(Beginning of DATA SEGMENT)

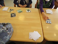 今日の午後は脳トレで「かるた」を行いました。木曜日を初めて利用される方が二名いて「このメンバーとかるたをするのは楽しそうね」と言われていました。手始めに上毛かるたしましたが皆さん「はい」「はい」と早いこと。次にいろはかるたです。これもまた途中まで読み上げると「はい」と取られていました!譲り合いもありとても楽しい時間になりました。次回も楽しみにしてほしいですね(^_-)-☆
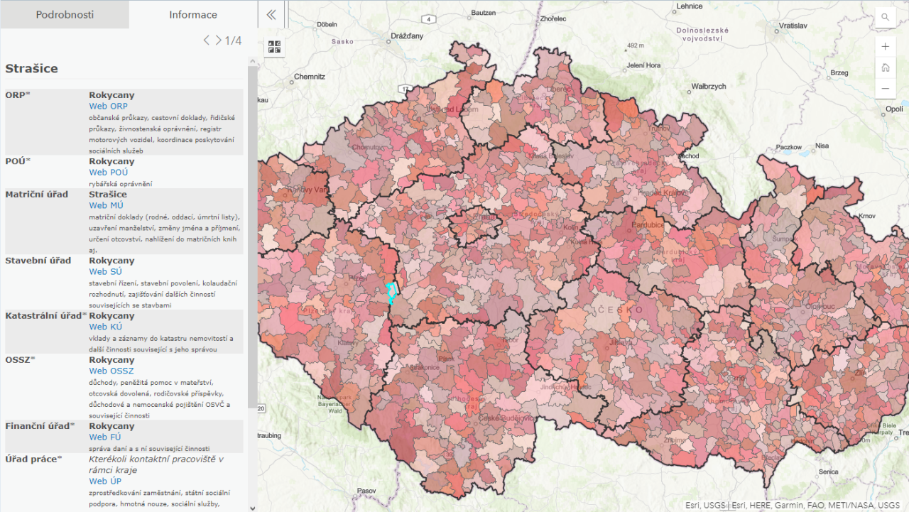 Stěžejní složkou mapového portálu jsou mapové aplikace zaměřené na základní údaje o obyvatelstvu, financování výkonu přenesené působnosti nebo vydávání osobních dokladů. „Další částí portálu je užitečná aplikace s názvem Kam na úřad. Zde občané rychle a přehledně naleznou detailní informace, kde si mohou vyřídit své úřední záležitosti,“ doplňuje Jan Hamáček.
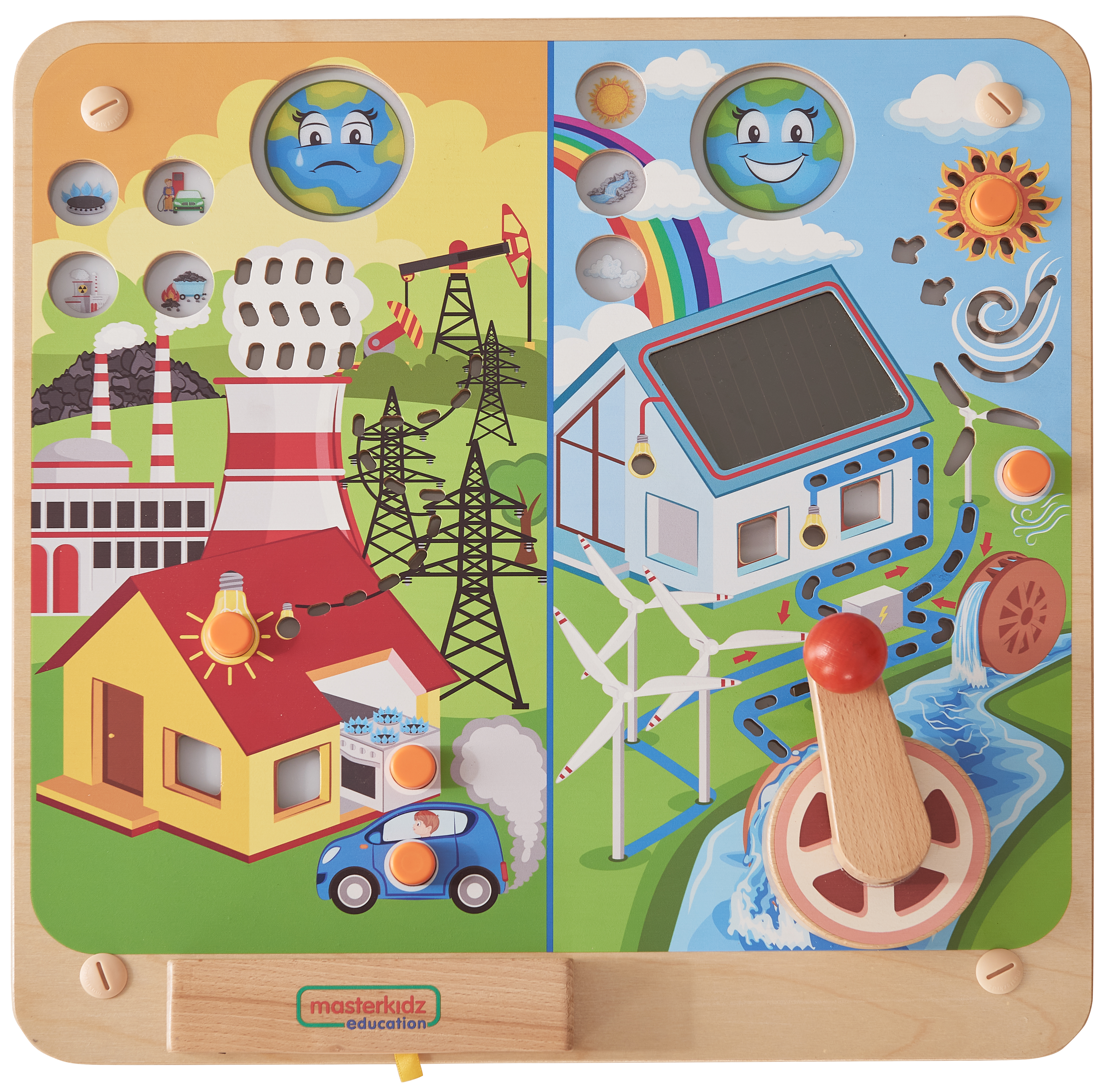 Панель разделена на 2 части. Левая сторона -несчастная земля, потребляющая невозобновляемые ресурасы. Правая сторона-счастливая земля, использующая возобновляемую энергию. Используются световые эффекты: на крыше дома установлена солнечная панель, освещающая свет в доме; а ручной гидрогенаратор помогает детям увидеть как потоки воды генерируют энергию. Размеры: 460мм*460мм*85мм.

(End of DATA SEGMENT)

• [EXERCISE INSTRUCTIONS] Print the listing exactly, but skip its pictures.

• [TASK OUTPUT]
 今日の午後は脳トレで「かるた」を行いました。木曜日を初めて利用される方が二名いて「このメンバーとかるたをするのは楽しそうね」と言われていました。手始めに上毛かるたしましたが皆さん「はい」「はい」と早いこと。次にいろはかるたです。これもまた途中まで読み上げると「はい」と取られていました!譲り合いもありとても楽しい時間になりました。次回も楽しみにしてほしいですね(^_-)-☆
 Stěžejní složkou mapového portálu jsou mapové aplikace zaměřené na základní údaje o obyvatelstvu, financování výkonu přenesené působnosti nebo vydávání osobních dokladů. „Další částí portálu je užitečná aplikace s názvem Kam na úřad. Zde občané rychle a přehledně naleznou detailní informace, kde si mohou vyřídit své úřední záležitosti,“ doplňuje Jan Hamáček.
 Панель разделена на 2 части. Левая сторона -несчастная земля, потребляющая невозобновляемые ресурасы. Правая сторона-счастливая земля, использующая возобновляемую энергию. Используются световые эффекты: на крыше дома установлена солнечная панель, освещающая свет в доме; а ручной гидрогенаратор помогает детям увидеть как потоки воды генерируют энергию. Размеры: 460мм*460мм*85мм.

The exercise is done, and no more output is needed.